▸ **What you are asked to do**
An exact transcription of the records is required, minus any images.

▸ **Input data**
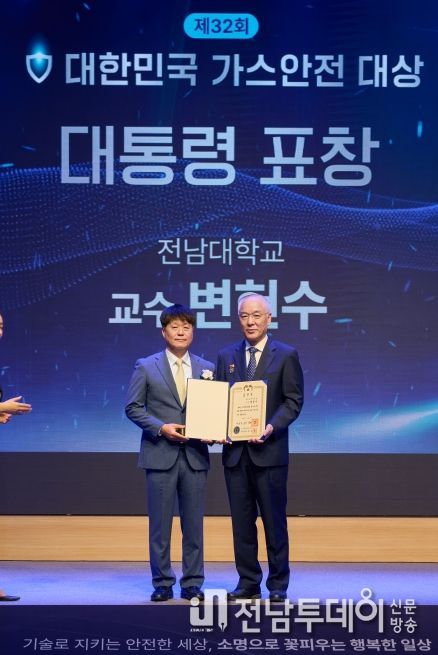 전남투데이 손영욱 기자 | 전남대학교 화공생명공학과 변헌수 교수가 산업통상자원부에서 주최하고 한국가스안전공사(사장 박경국)가 주관한 ‘제32회 대한민국 가스안전 대상’에서 대통령 표창의 영예를 안았다.
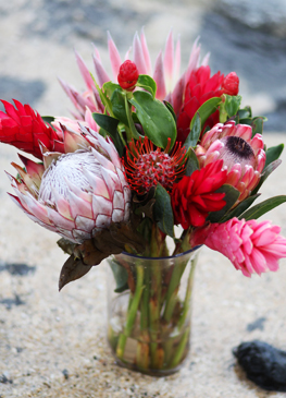 This vibrant red and Pink Tropical Flower Bouquet will have you dreaming of the beautiful Hawaii. It's filled with Tropic Protea and Ginger.
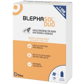 BLEPHASOL DUO innehåller inte alkohol eller parfym, svider inte och lämnar huden ren och återfuktad.
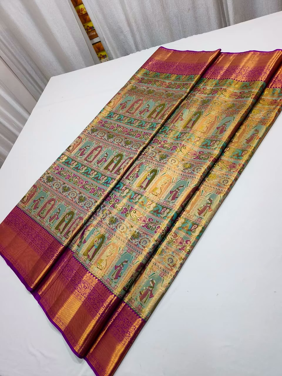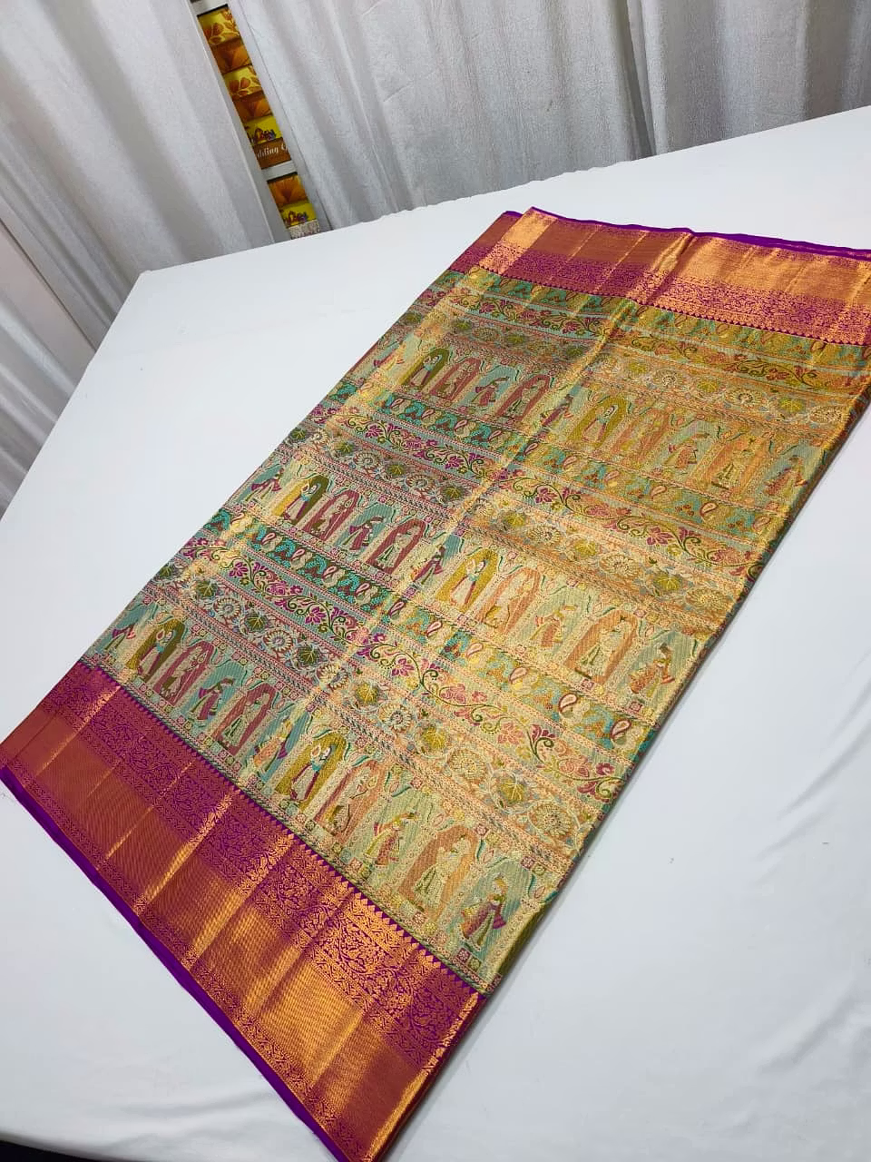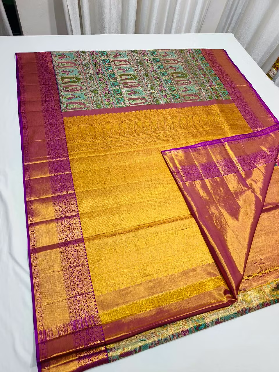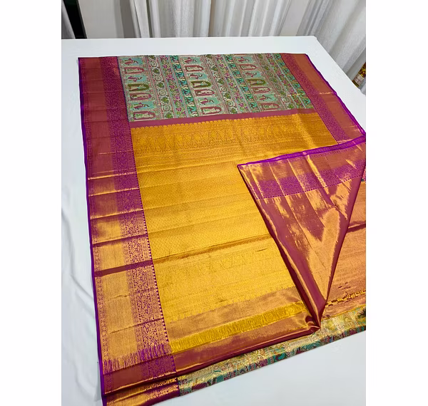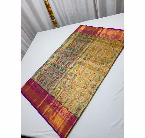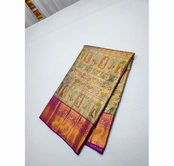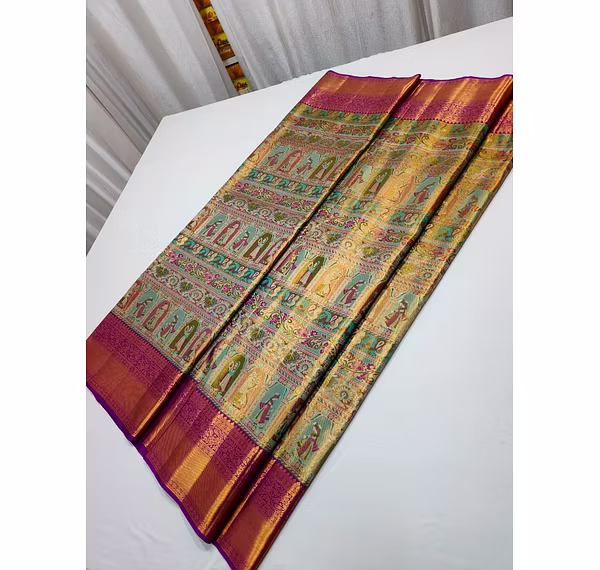 Elevate your elegance with the Meenakari designer saree, a masterpiece of Dharmavaram handloom weaving. Perfect for weddings and bridal occasions.
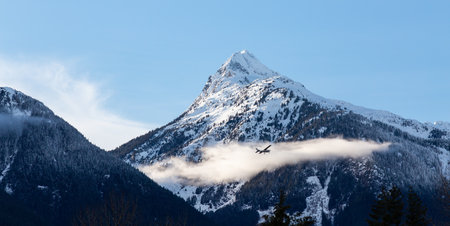 Snow Covered Mountain Peak during sunny winter day. Airplane Flying. Squamish, British Columbia, Canada.
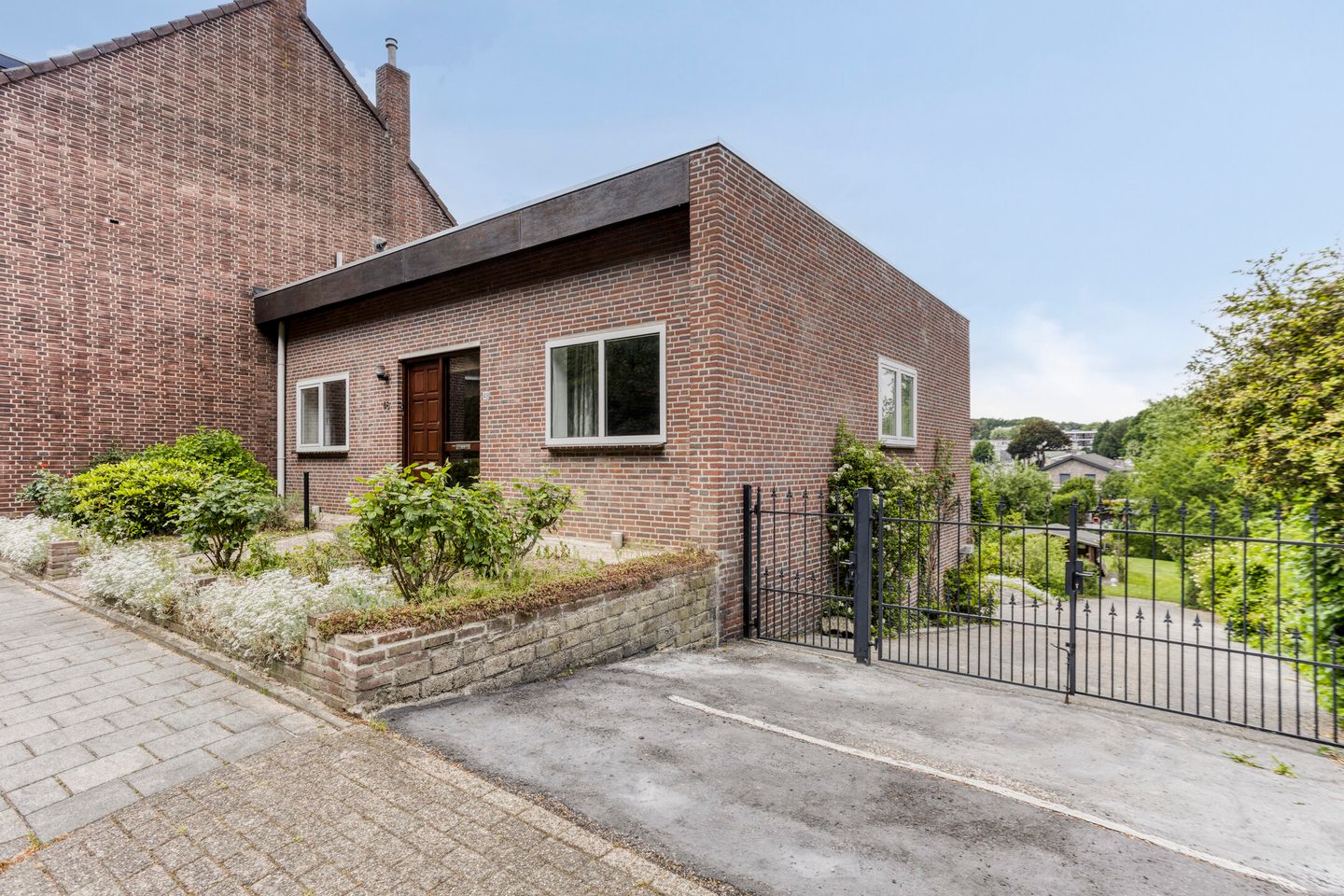 Voortuin met inrit naar ondergelegen achtertuin en garage.
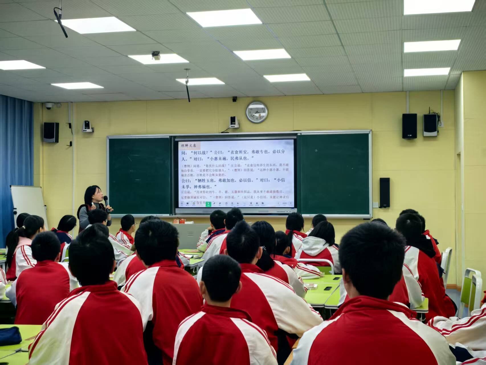 实践环节中,长沙市开福区清水塘江湾小学的曹佳裕老师现场示范《曹刿论战》“歌诀乐读”课。八年级88班的同学们在节奏明快的诵读中轻松走进文言世界,课堂笑声与书声交融,让观摩的老师赞叹不已。
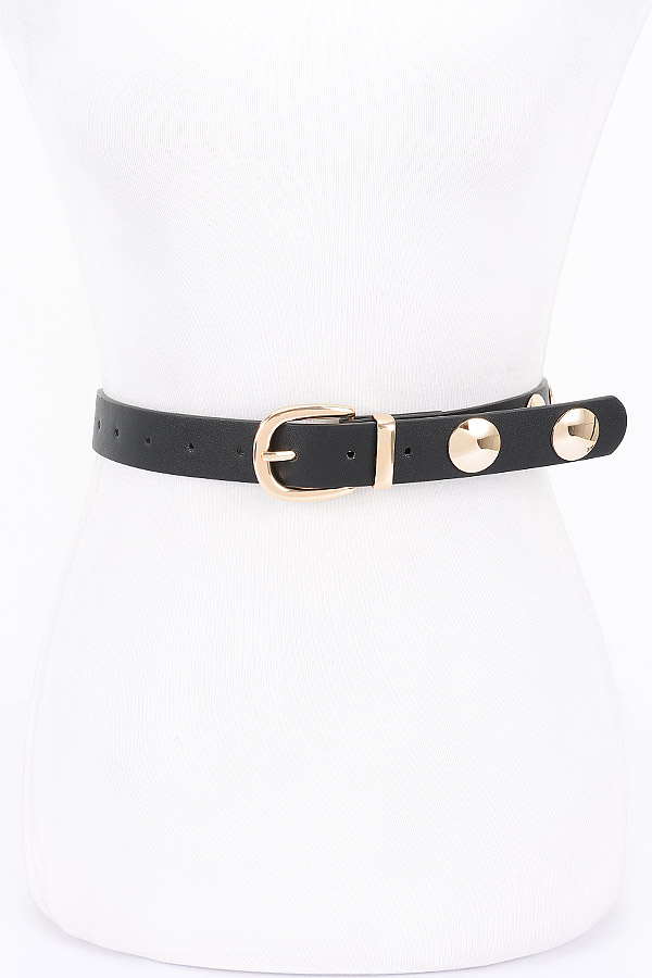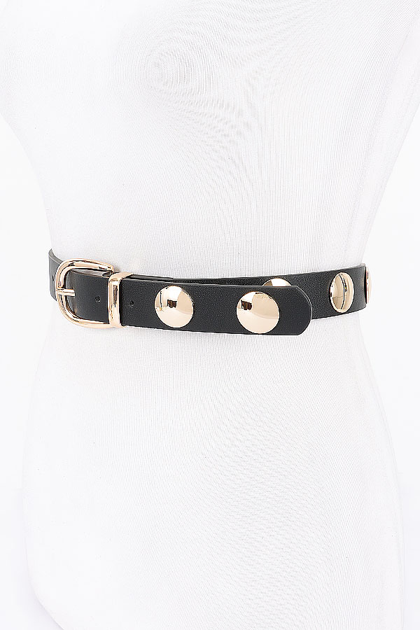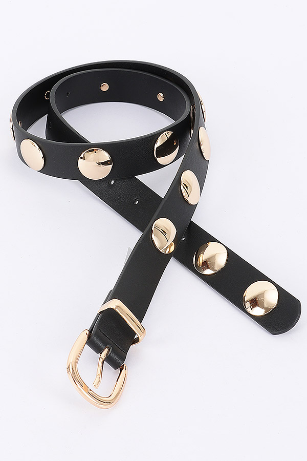 - * Elevate your style with the "Round Metal Studded PU Belt" from H&D Accessories. This striking black belt, adorned with round metal studs and a luxurious metal buckle, is the perfect accessory to add a touch of sophistication to any outfit. Make a bold statement and showcase your unique fashion sense with this must-have piece.

▸ **Written reply**
 전남투데이 손영욱 기자 | 전남대학교 화공생명공학과 변헌수 교수가 산업통상자원부에서 주최하고 한국가스안전공사(사장 박경국)가 주관한 ‘제32회 대한민국 가스안전 대상’에서 대통령 표창의 영예를 안았다.
 This vibrant red and Pink Tropical Flower Bouquet will have you dreaming of the beautiful Hawaii. It's filled with Tropic Protea and Ginger.
 BLEPHASOL DUO innehåller inte alkohol eller parfym, svider inte och lämnar huden ren och återfuktad.
 Elevate your elegance with the Meenakari designer saree, a masterpiece of Dharmavaram handloom weaving. Perfect for weddings and bridal occasions.
 Snow Covered Mountain Peak during sunny winter day. Airplane Flying. Squamish, British Columbia, Canada.
 Voortuin met inrit naar ondergelegen achtertuin en garage.
 实践环节中,长沙市开福区清水塘江湾小学的曹佳裕老师现场示范《曹刿论战》“歌诀乐读”课。八年级88班的同学们在节奏明快的诵读中轻松走进文言世界,课堂笑声与书声交融,让观摩的老师赞叹不已。
 - * Elevate your style with the "Round Metal Studded PU Belt" from H&D Accessories. This striking black belt, adorned with round metal studs and a luxurious metal buckle, is the perfect accessory to add a touch of sophistication to any outfit. Make a bold statement and showcase your unique fashion sense with this must-have piece.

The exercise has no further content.